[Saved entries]
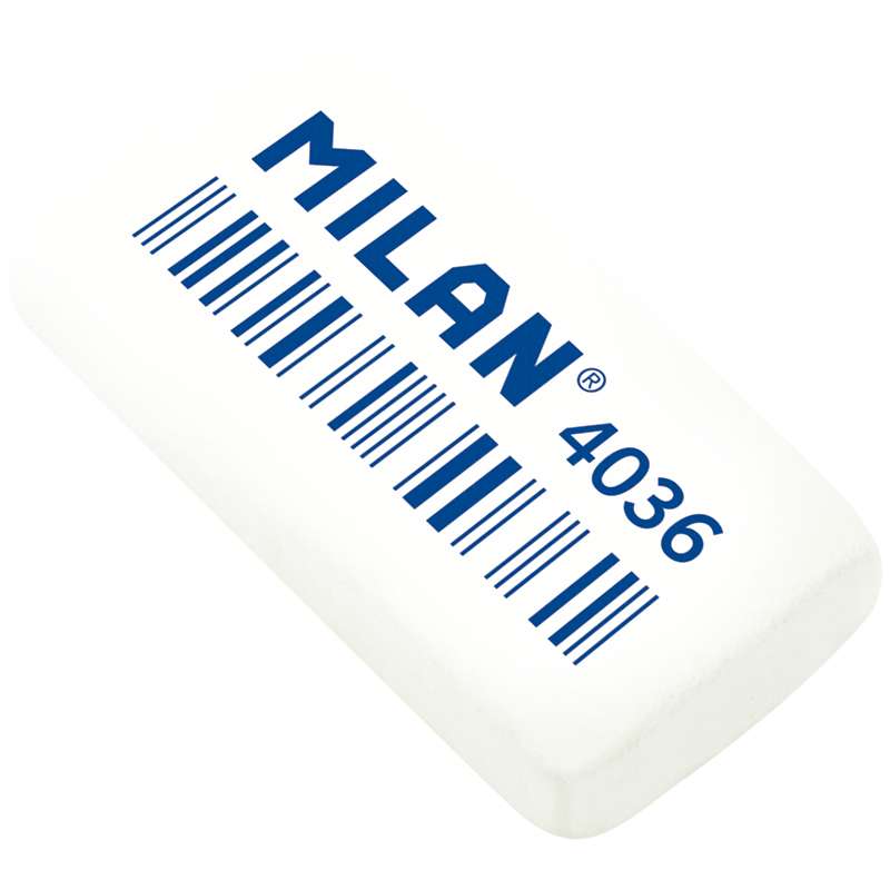 Ластик из синтетического каучука, упакован в коробку. Предназначен для чернографитных карандашейЛастик Milan "4036", прямоугольный, синтетический каучук, 39*20*8мм
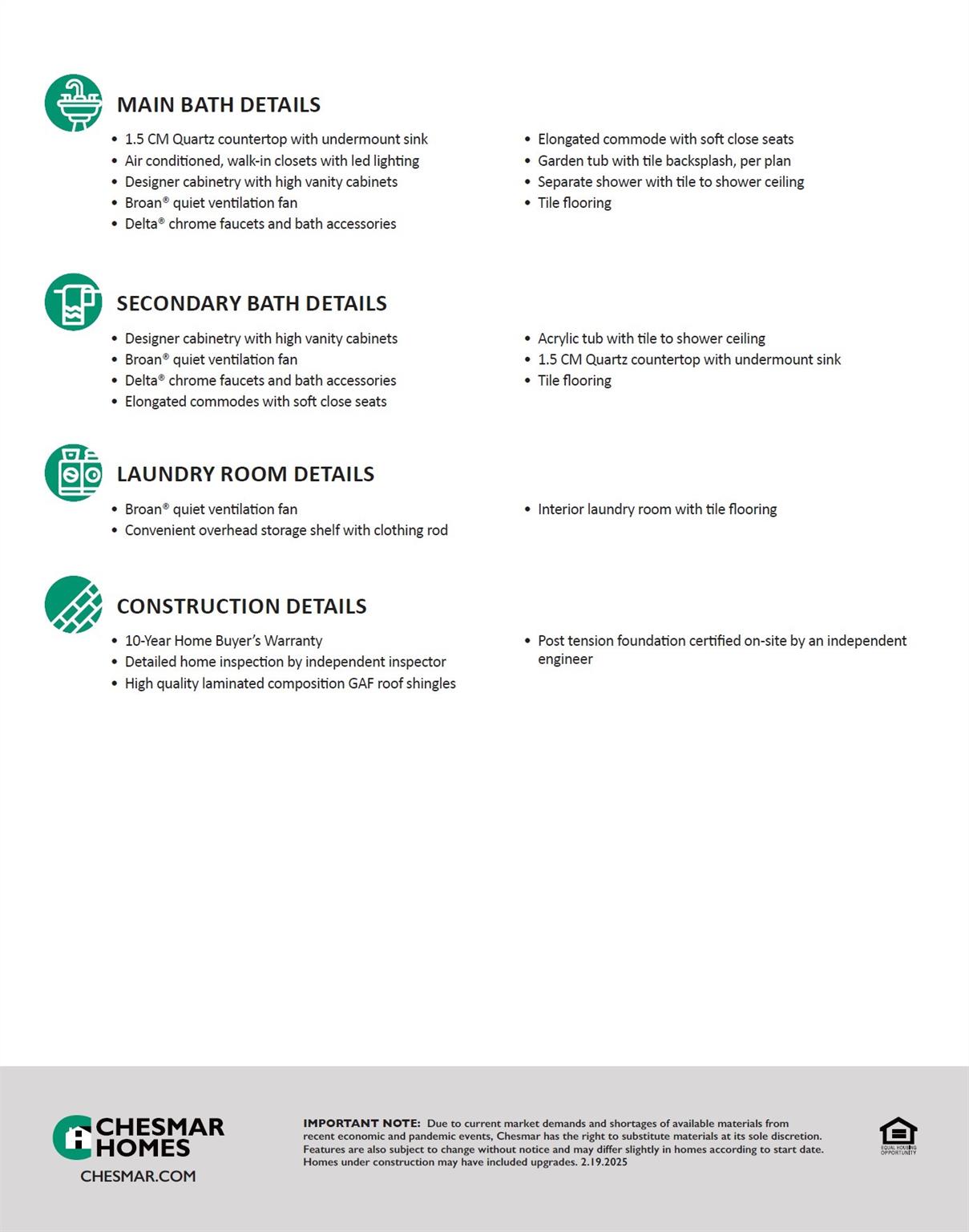 InteriorFloors:Carpet,TileCountertop:GraniteBathroom Description:Primary Bath: Double Sinks,Primary Bath: Separate Shower,Primary Bath: Soaking Tub,Secondary Bath(s): Tub/Shower ComboBedroom Desc:En-Suite Bath,Primary Bed - 1st Floor,Walk-In ClosetKitchen Desc:Kitchen open to Family RoomRoom Description:Family Room,Home Office/Study,Utility Room in HouseHeating:Central GasCooling:Central ElectricConnections:Electric Dryer Connections,Washer ConnectionsDishwasher:YesDisposal:YesCompactor:NoMicrowave:YesOven:Convection OvenIce Maker:NoEnergy Feature:Digital Program Thermostat,Energy Star Appliances,High-Efficiency HVAC,Insulated/Low-E windowsInterior:Fire/Smoke Alarm,High Ceiling,Prewired for Alarm System,Window Coverings
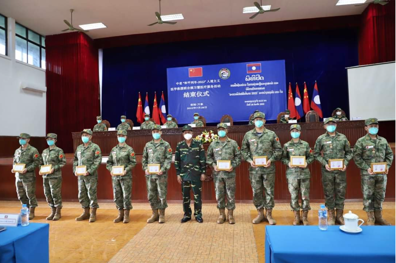 ວັນທີ 28 ກໍລະກົດ 2022 ນີ້, ບັ້ນຫັດແອບ, ຝຶກຊ້ອມຊ່ວຍເຫລືອມະນຸດສະທຳ ແລະກິດຈະກໍາບໍລິການທາງການແພດ (ຂະບວນລົດໄຟສັນຕິພາບ 2022) ລະຫວ່າງກອງທັບປະ ຊາຊົນລາວ ກັບ ກອງທັບປົດປ່ອຍປະຊາຊົນຈີນໄດ້ສໍາເລັດລົງດ້ວຍໝາກຜົນອັນຈົບງາມ, ພາຍຫລັງດໍາເນີນມາແຕ່ວັນທີ 19 ກໍລະກົດ 2022. ໃຫ້ກຽດເຂົ້າຮ່ວມ ພິທີປິດບັ້ນຝຶກແອບດັ່ງກ່າວ, ມີທ່ານ ພົນຕີ ວົງຄໍາ ພົມມະກອນ ຮອງລັດຖະມົນຕີກະຊວງປ້ອງກັນປະເທດ, ທ່ານ ພັນເອກພິເສດ ເສິນ ຊຸນມິງ ຮອງຫົວໜ້າເສນາຮັກກົມຮັບປະກັນພະລາທິການຂອງຄະນະກໍາມະການທະຫານສູນກາງແຫ່ງ ສປ ຈີນ, ຫົວໜ້າຄະນະຂະບວນລົດໄຟສັນຕິພາບ 2022 ກອງທັບປົດປ່ອຍປະຊາຊົນຈີນ, ພ້ອມດ້ວຍພາກສ່ວນກ່ຽວຂ້ອງ ແລະພະນັກງານແພດ-ໝໍເຫລົ່າຮົບເສນາຮັກຂອງກອງທັບລາວ-ຈີນເຂົ້າຮ່ວມ.
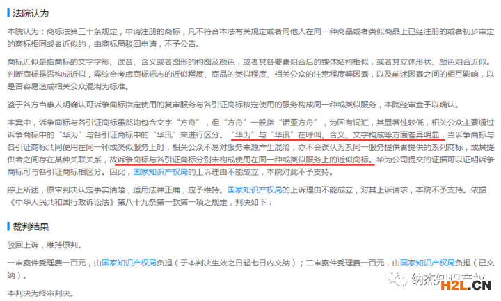 當(dāng)時(shí)一審法院認(rèn)為訴爭(zhēng)商標(biāo)中的“華為”可以起到顯著識(shí)別作用,不易導(dǎo)致消費(fèi)者的混淆誤認(rèn),訴爭(zhēng)商標(biāo)與各引證商標(biāo)分別未構(gòu)成使用在同一種或類似服務(wù)上的近似商標(biāo),判決國家知識(shí)產(chǎn)權(quán)局針對(duì)華為公司就訴爭(zhēng)商標(biāo)所提復(fù)審申請(qǐng)重新作出決定。
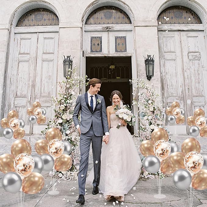 - WHAT INLCUDE: This balloon stand kit include 4 set balloon holders, 36 pcs balloons - champagne and silver balloons, rose gold confetti balloons, 1 pc balloon pump, 2 pcs balloon clips, 2 rolls ribbons, 1 pcs glue dots and 1 pc tie tool
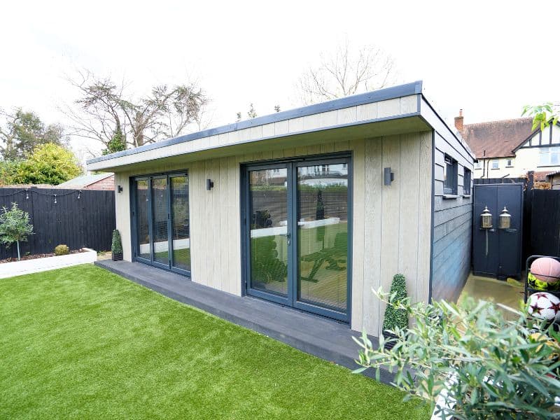 Millboard is considered the most durable cladding option for a garden room in the UK. It is made from a resin mineral composite that is resistant to moisture, rot, warping, and fading. With no annual treatments required, Millboard retains its appearance for decades, even in harsh weather.
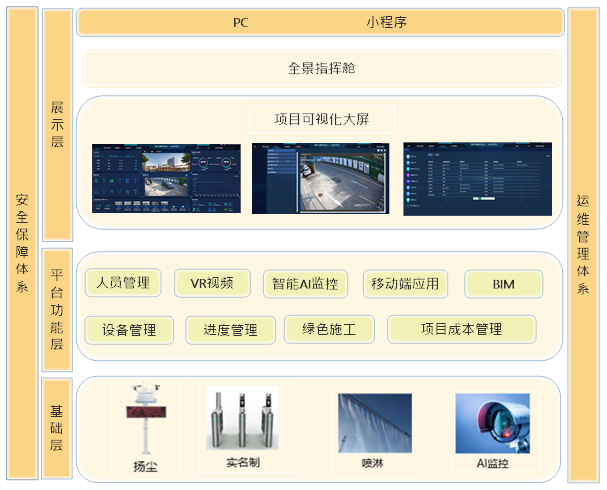 該項目從工地實際業務需求出發進行頂層設計、系統規劃,充分考慮業務數據的共通性、串聯性,整體架構分為基礎數據層、平臺功能層、前端展示層:
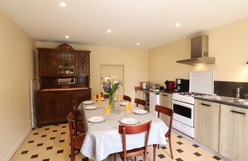 On the ground floor, entrance, kitchen, living room with flat screen TV, DVD player and fireplace with stove (0.2 m³ of wood provided for one week), separate toilet. On the 1st floor, 1 bedroom with 1 bed 160x200 cm, 2 bedrooms with 1 double bed (140 X 190cm), 1 bedroom with 2 single beds (90 X 190cm) and an extra single bed, 2 shower rooms and separate toilet. Wifi internet access. Central oil heating included. Heating prices included except wood. Cleaning deposit €80.
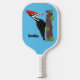 Cue funny Pileated woodpecker cartoon illustration Pickleball Paddle
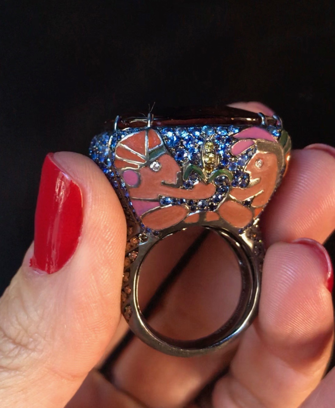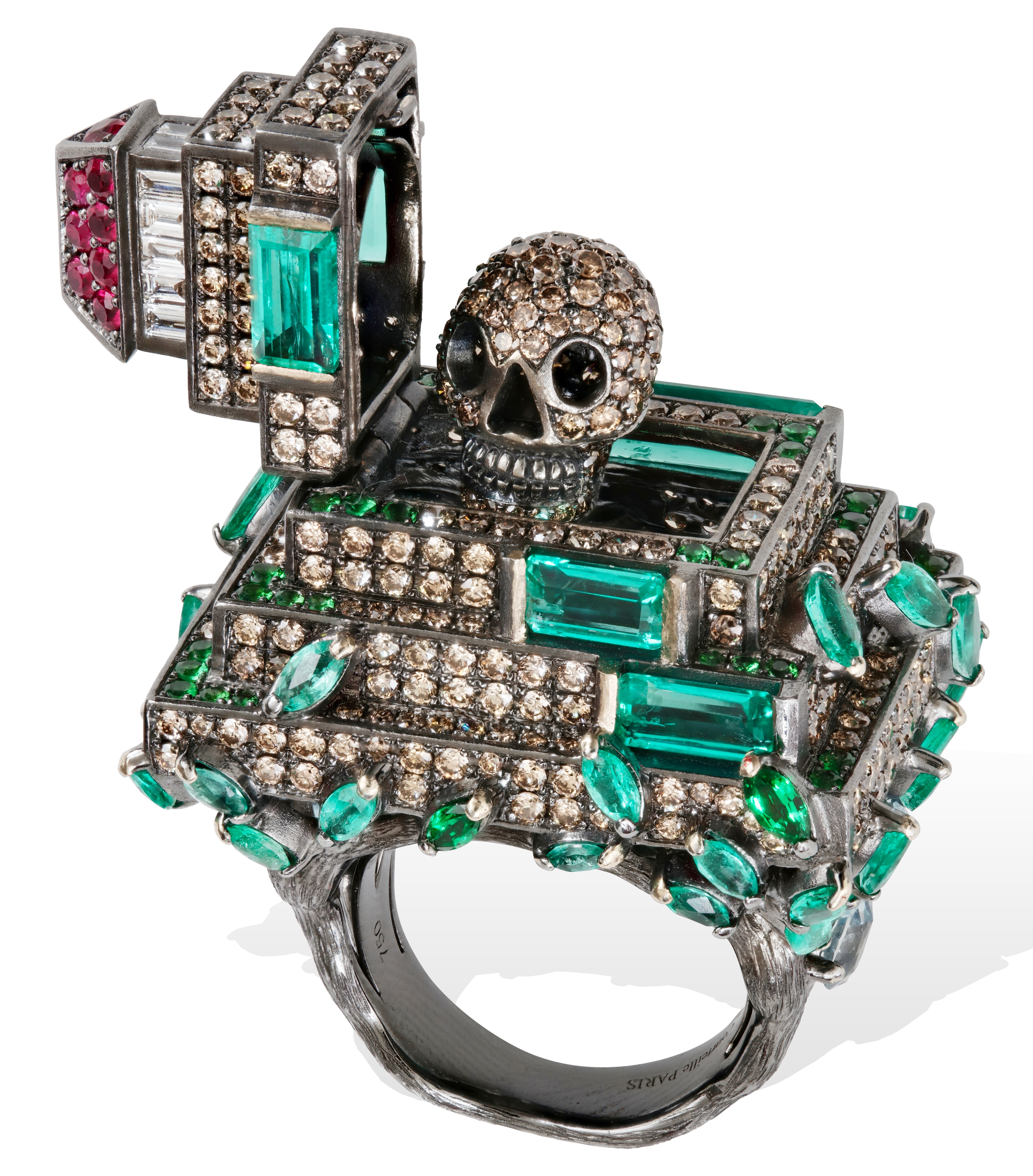 Dans ce contexte, apprécions les ruines des anciens Mayas réinterprétées avec humour. Car elle a le don pour réaliser des bijoux audacieux.
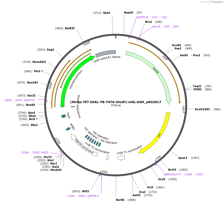 (90-bp-TET-DIAL-YB-TATA-VloxP)-mGL-bGH_pKG3017
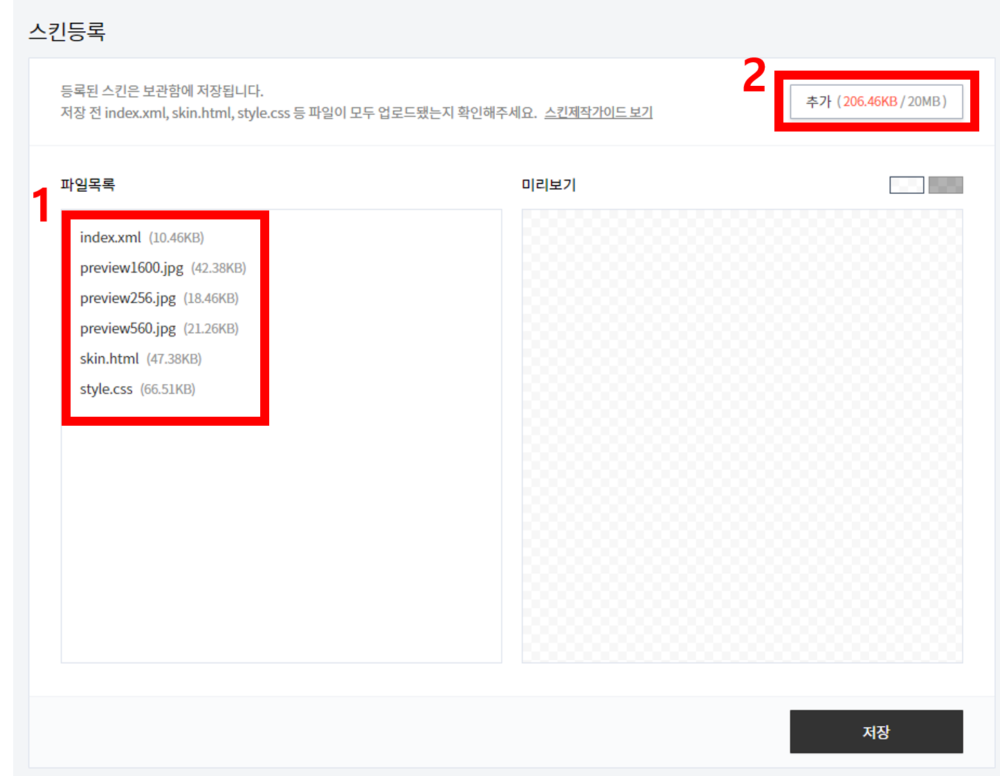 8. 모든 파일이 업로드 된 것을 확인하고, '저장' 버튼을 클릭해줍니다.

TASK OBJECTIVE. Only what runs from the line holding "(90-bp-TET-DIAL-YB-TATA-VloxP)-mGL-bGH_pKG3017" through the end of the entries above is to be given again, exactly, with every picture omitted.

FINISHED EXERCISE.
 (90-bp-TET-DIAL-YB-TATA-VloxP)-mGL-bGH_pKG3017
 8. 모든 파일이 업로드 된 것을 확인하고, '저장' 버튼을 클릭해줍니다.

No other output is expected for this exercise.